[[ Raw data, beginning ]]

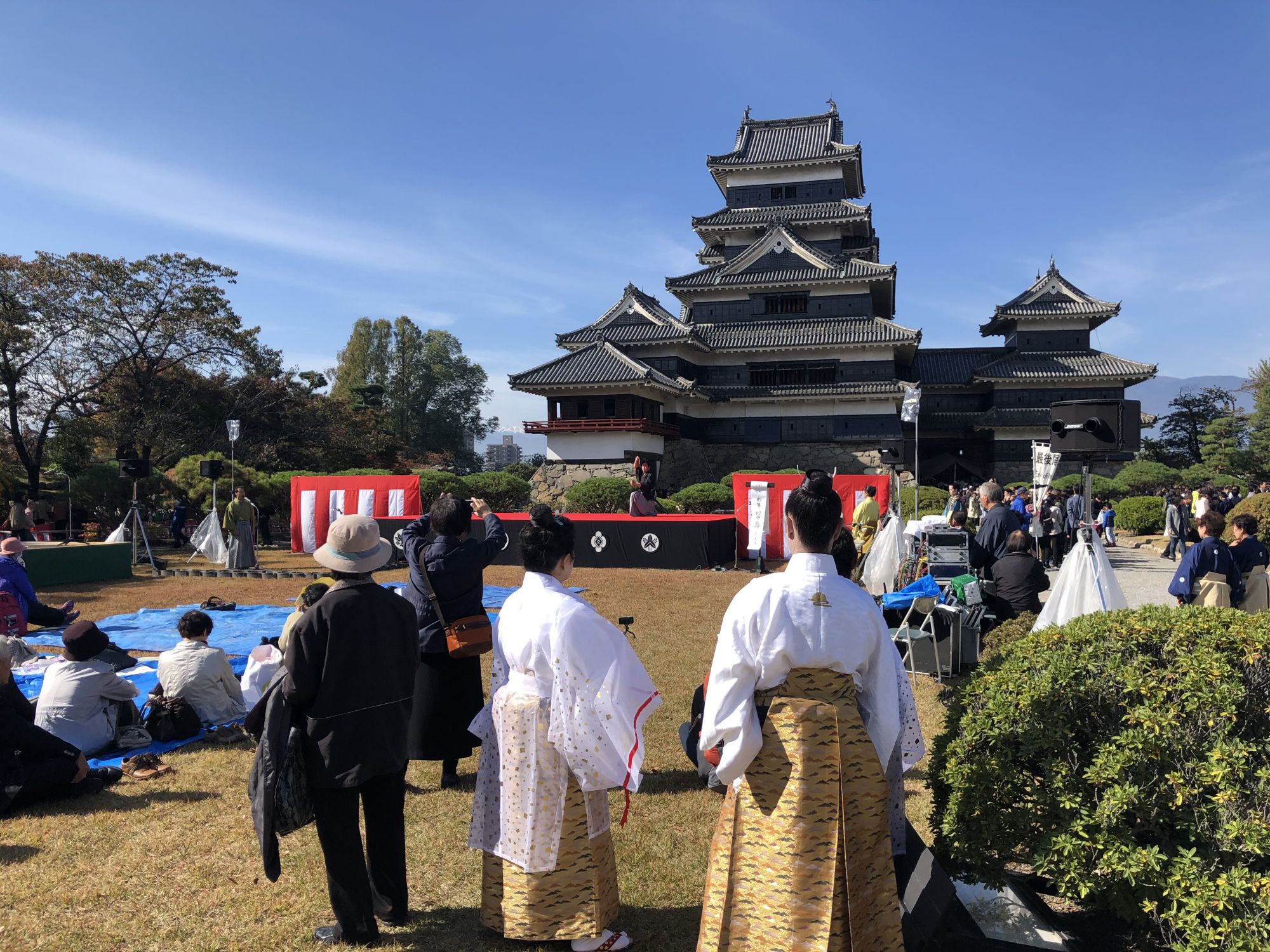 一年一度的松本市民文化节 其他 周一, 11月 4, 2019 ♥57 11月3日,文化节。各地都在搞各种各样的活动,古城松本也不例外。 松本城楼前吟诗会 剑舞赛 小武士们准备上阵 还有菊花展 姹紫嫣红 和服美少女 盆景菊展 茶道 舞蹈 车道变步行街 苹果糖葫芦 章鱼烧烤 附近神社的红叶 还有爆米花 Tweet
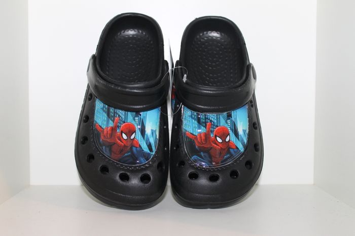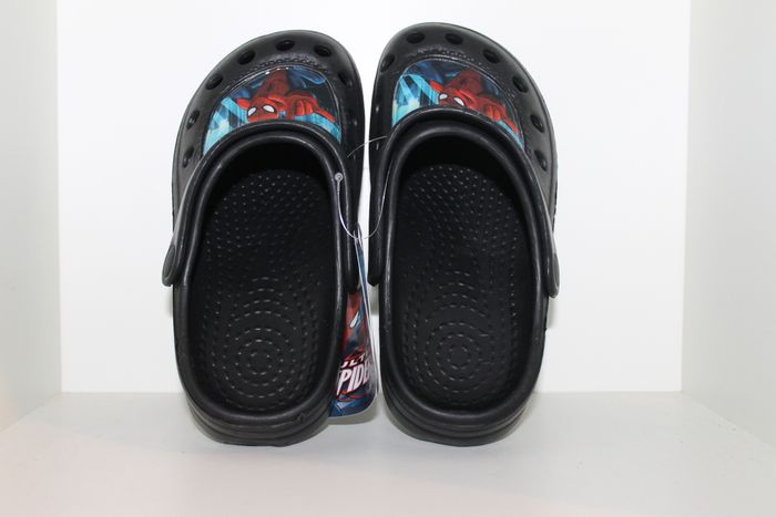 sabots spiderman noir pointure 33/34 neufs avec étiquettes,idéal plage dehors jardin ou en chaussons à la maison. votre enfant sera heureux de se promener avec son araignée préférée. réf 1978 n'hésitez pas à faire un lot. #sabots #crocs #marvel #spiderman #araignée
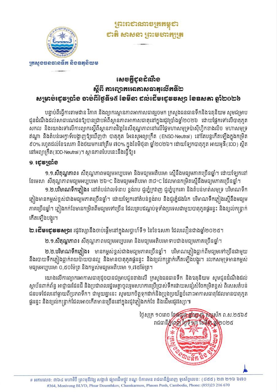 សេចក្តូជូនដំណឹង ស្ដីពីការព្យាករអាកាសធាតុលើកទី២ សម្រាប់រដូវប្រាំង ចាប់ពីថ្ងៃទី១៥ ខែមីនា ដល់ដើមរដូវវស្សា ខែឧសភាឆ្នាំ ២០២៦
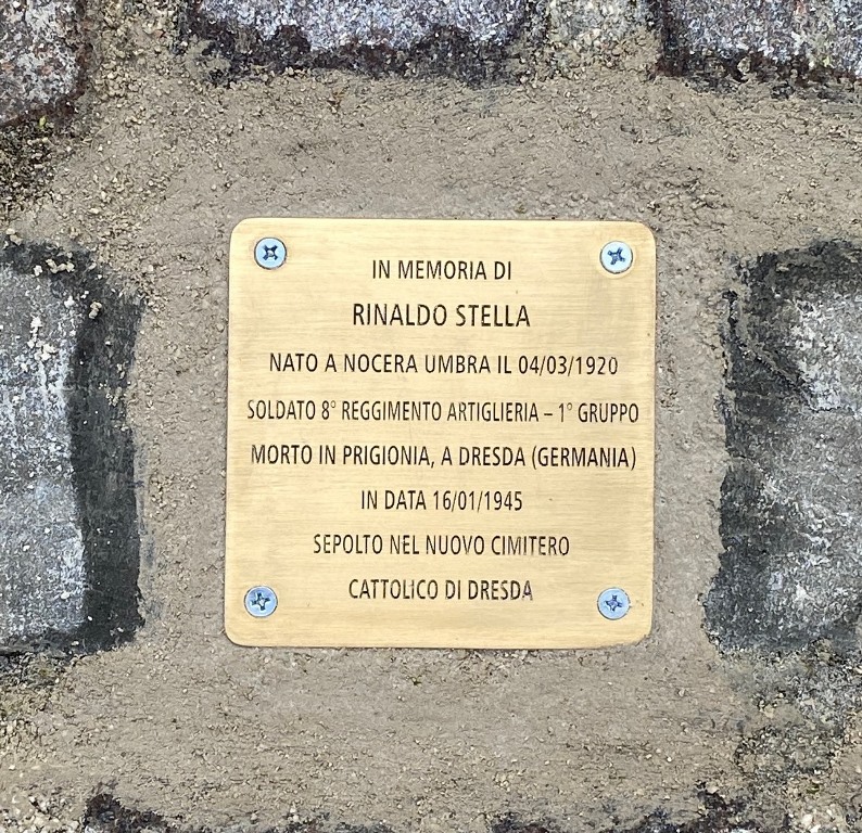 Rinaldo Stella, nato da Nicolò e Adele Pompei, il 4 marzo 1920 a Nocera Umbra, soldato appartenente all’8° Reggimento artiglieria 1′ Gruppo, morì in prigionia a Dresda (Germania) il 16 gennaio 1945 e sepolto nel nuovo cimitero cattolico di Dresda.
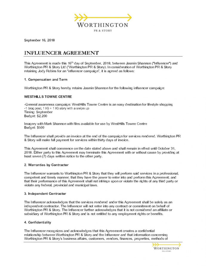 Sample Influencerblogger Agreement Template Free Download Social Media
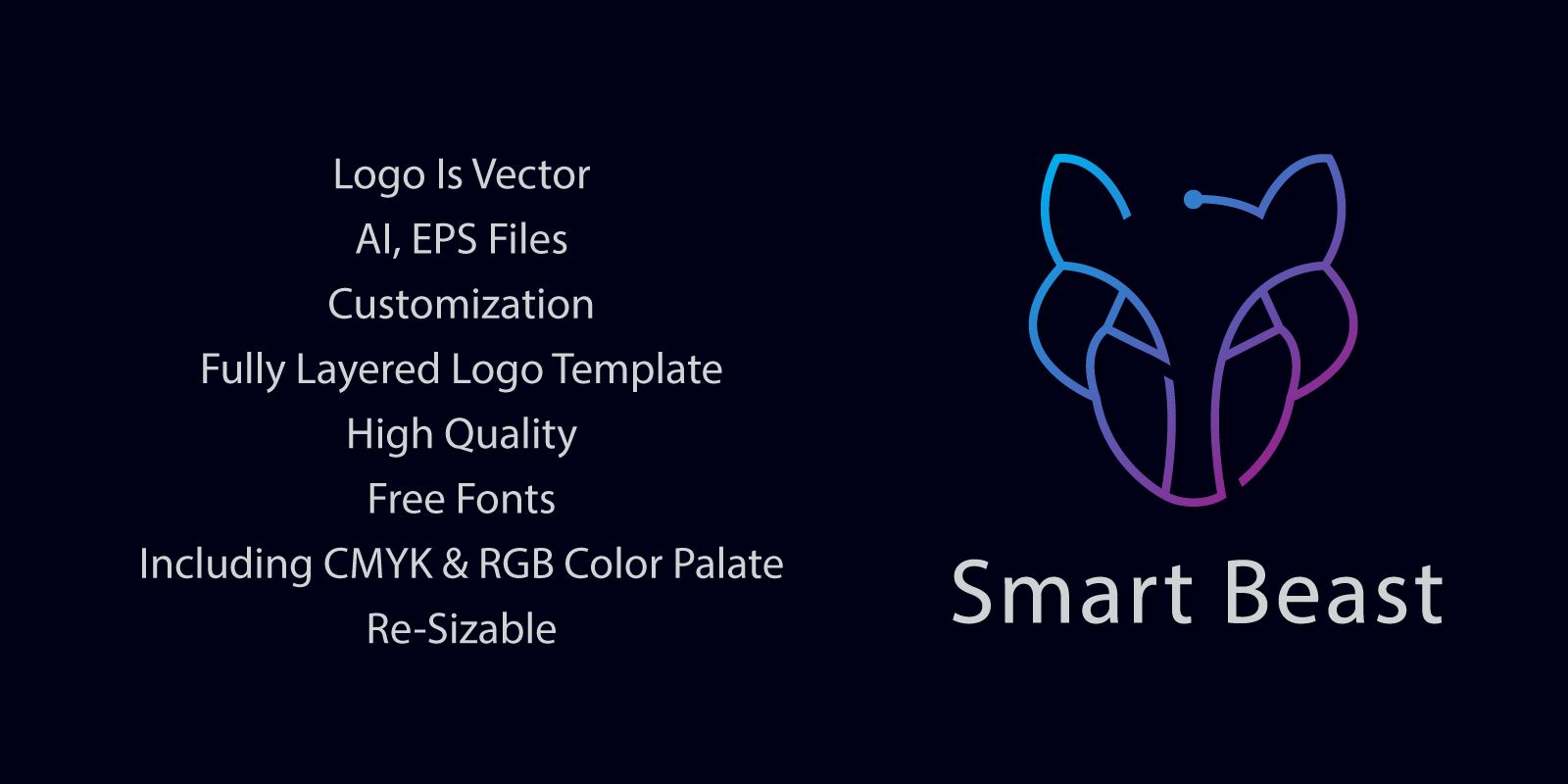 Smart Wolf logo template suitable for businesses and product. Easy to edit, change size, color and text. Font link provided inside the 'Read me' file.
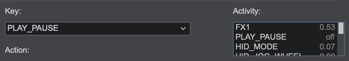 - MIDI ACTIVITY - Any button, dial or slider touched on the controller will appear in this window. Clicking on it will populate the KEY field.
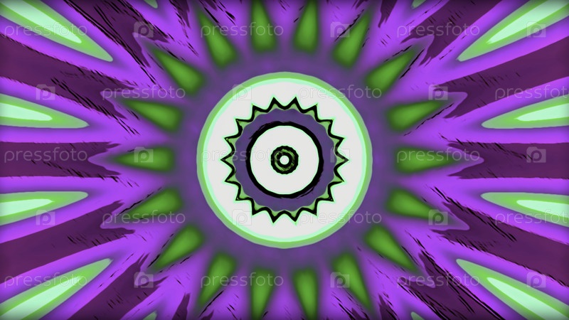 Мультипликационная анимация с калейдоскопическими формами солнца.Движение.Распространение солнечных лучей с изменением цветов
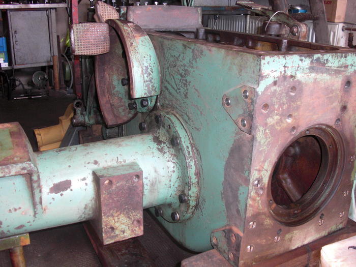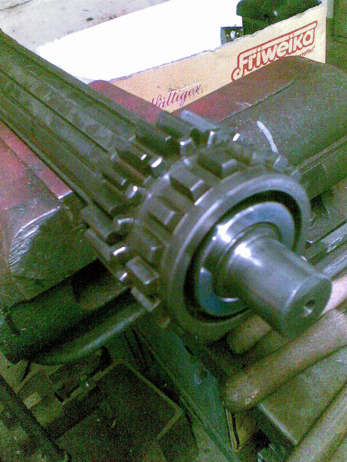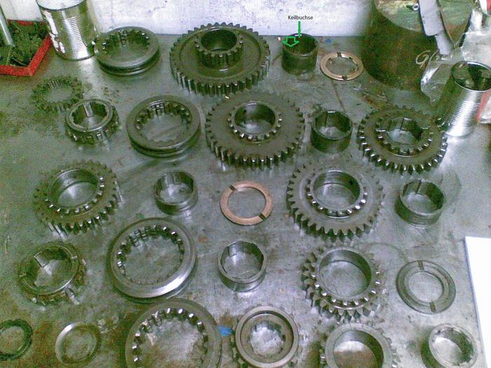 Beim Tellerrad gab es nichts zu meckern es wurde mit neuen Lagern in das Hinterachsgehäuse verbaut.Jetzt konnten wir das Getriebegehäuse wieder an das Hinterachsgehäuse anschrauben und uns den Getriebe widmen.Wir merkten ja schon bei Fahrten das es mächtig gerummpelt hat.Natürlich waren auch hier sämtliche Lager und Buchsen Verschlissen.Nach vermessen stellten wir fest das die Keilbuchsen (Sind auf den Foto unten erkentlich gemacht) 0,8mm spiel zu den Zahnrädern hatten wodurch die Zahnräder regelrecht wackelten.Auch diese Keilbuchsen wurden erneuert und die Zahnräder auf der innenrundschleifmaschine ausgeschliffen weil die Oberfläche stark gelitten hatte.Die Hauptwelle besitzt ein M40x1,5 links Gewinde wo durch eine Nutmutter die Keilbuchsen und Schaltmuffen miteinander verspannt werden,natürlich wie kann es auch anders sein hatte diese Mutter kein Gewinde mehr und wurde durch einen neuangefertigte ersetzt.Das Schulterlager und das Rollenlager welches die Hauptwelle mit Triebling im Gehäuse lagert war auch stark verschlissen,Ersatz war nicht zu bekommen.Beim Rollenlager war glücklicherweiße "nur" der Innenring der auf der Hauptwelle sitzt eingelaufen und wurde von uns neu angefertigt,gehärtet und anschliessend innen und aussen rund geschliffen.Das Schulterlager ersetzten wir duch ein Kugellager welches die selben Kräfte aufnehmen kann wie das Schulterlager.Als das alles in Ordnung gebracht wurde montierten wir mit neuen Kugellagern die Vorgelegewelle mit "Tannenbaum" und anschliessend die Hauptwelle und fädelten die Schalträder und Muffen auf die Hauptwelle.Die Schaltgabeln waren noch sehr gut aber die Veriegelung war mächtig verbastelt und ausgeschlagen.Also Verriegelungsschieber aufgeschweißt und nachgefräst,genauso wurde es mit der Schaltkullise gemacht wo der Schieber langläuft.Jetzt schaltet es wieder einwandfrei wie am ersten Tag.Eine mächtige fummelei ist auch das Kupplungsgehäuse samt antriebsrädern für die Zapfwelle zu montieren.Wir hatten zwar 4 Hände aber platz dafür gab es nicht,trotzdem gelang es uns nach fluchen und schimpfen alles ordnungsgemäß zu montieren.
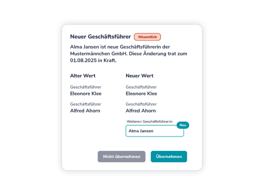 Das KYC-Monitoring-Modul aktualisiert Ihre KYC-Daten automatisch aus Registern, Auskunfteien und offiziellen Quellen. Relevante Änderungen bei UBOs, Funktionsträgern oder Gesellschaftern werden sofort angezeigt.
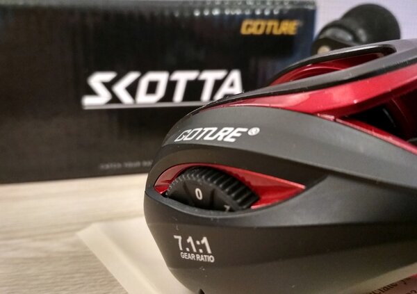 Теперь у меня в руках симпатичная катушка Goture Scotta. Она оснащена двойной системой торможения (центробежным и магнитным) и в целом представляет собой классическую «мыльницу». Дизайн очень напоминает Daiwa Fire Wolf — выглядит, надо сказать, солидно.
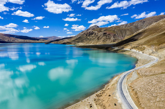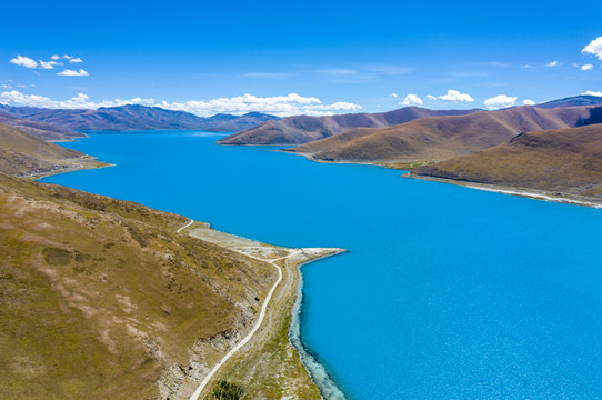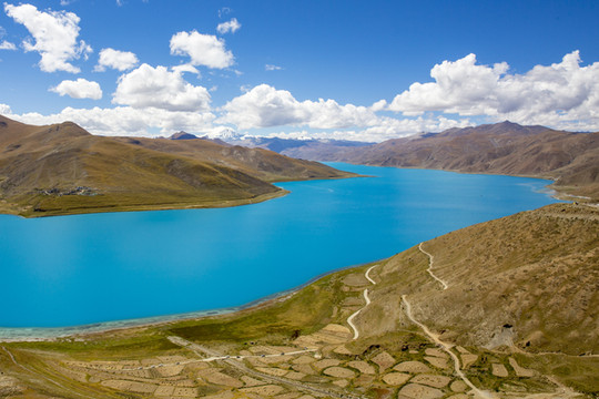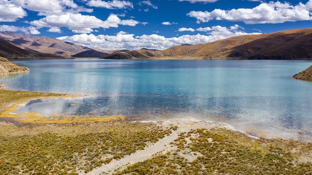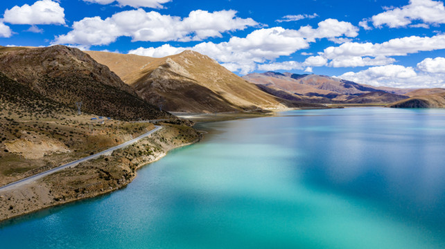 羊卓雍错,意为上部牧场的碧玉湖,与 纳木错 、玛旁雍错并称为藏地三大圣湖。一湾碧水犹如璀璨的蓝宝石,镶嵌于群山之间。
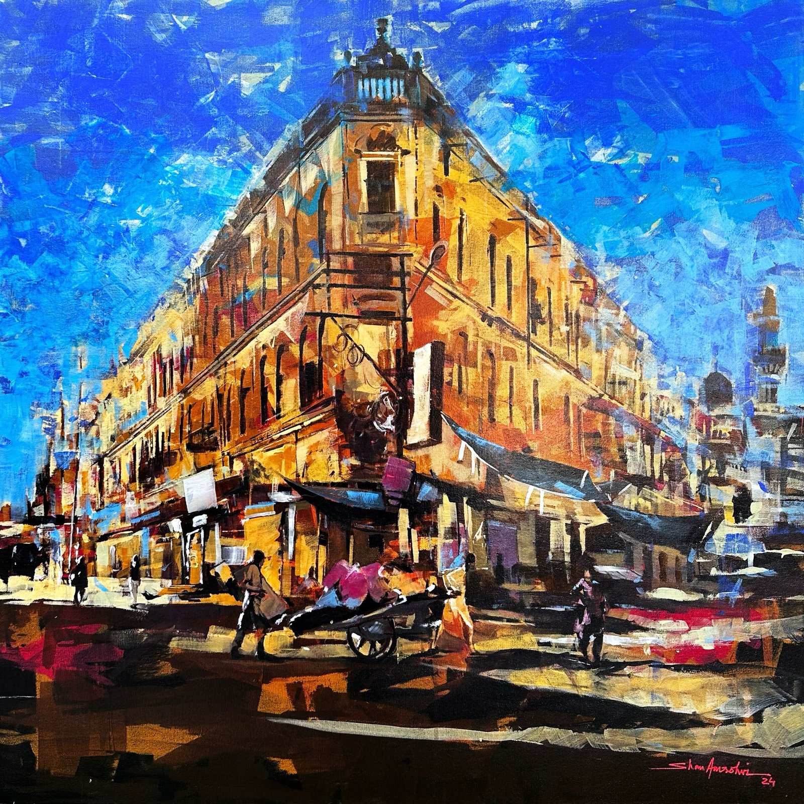 #ShanAmrohvi #KarachiHeritage #HistoricalBuildings #PakistaniArt #AcrylicOnCanvas #CulturalLegacy #PakistaniArchitecture #OldKarachi #UrbanLandscape #CityscapeArt
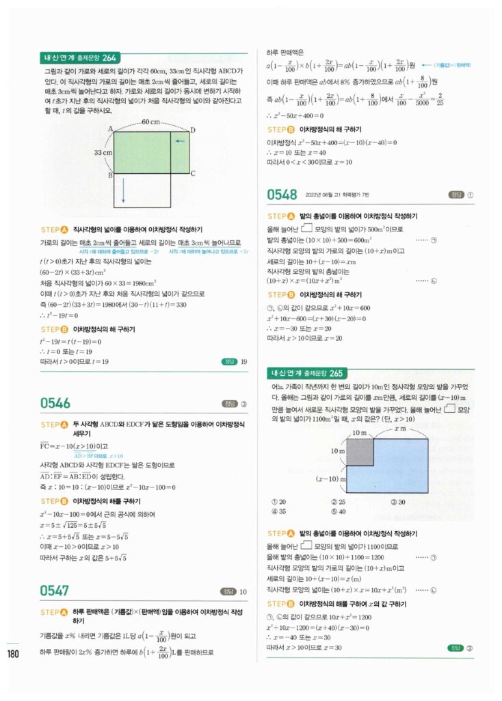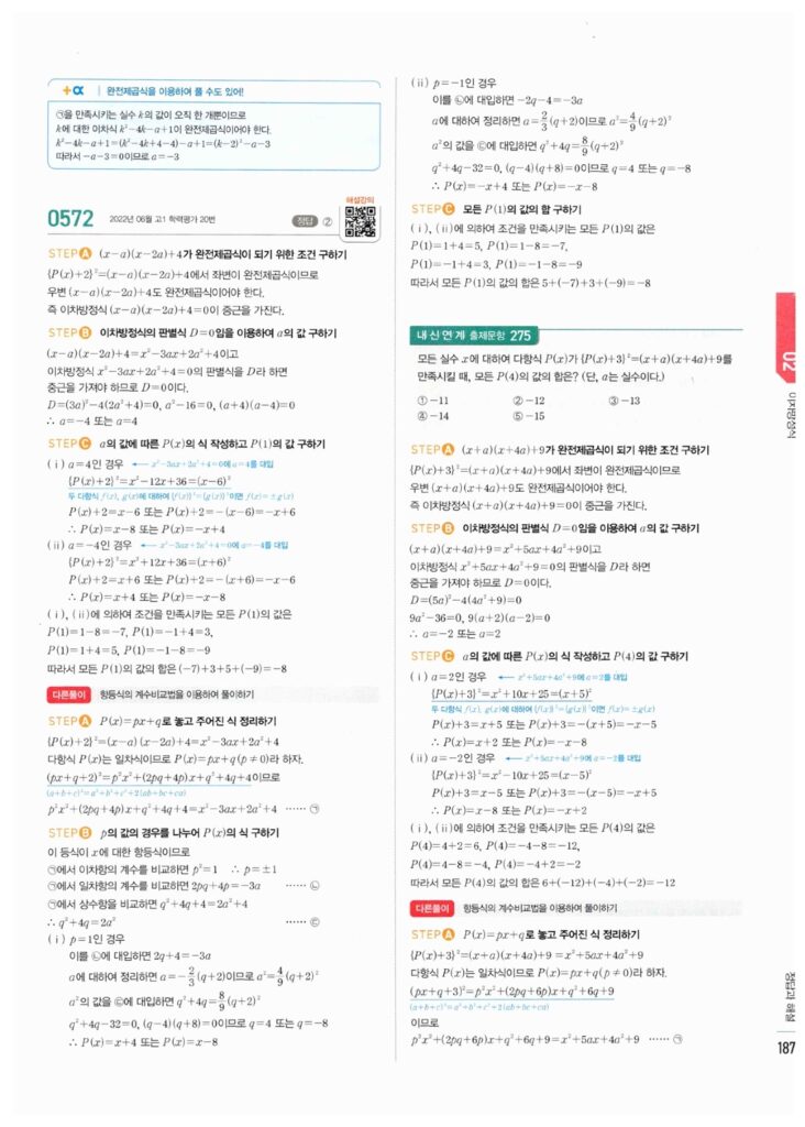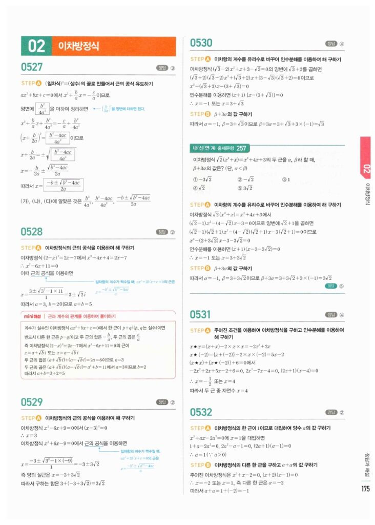 📖 이차방정식 해법 정답 및 해설

[[ Raw data, end ]]

> Goal of the exercise: Give exactly the lines above that run from the line with "Sample Influencerblogger Agreement" to the line with "Мультипликационная анимация с", both included, leaving every picture out.

> Problem solution:
 Sample Influencerblogger Agreement Template Free Download Social Media
 Smart Wolf logo template suitable for businesses and product. Easy to edit, change size, color and text. Font link provided inside the 'Read me' file.
 - MIDI ACTIVITY - Any button, dial or slider touched on the controller will appear in this window. Clicking on it will populate the KEY field.
 Мультипликационная анимация с калейдоскопическими формами солнца.Движение.Распространение солнечных лучей с изменением цветов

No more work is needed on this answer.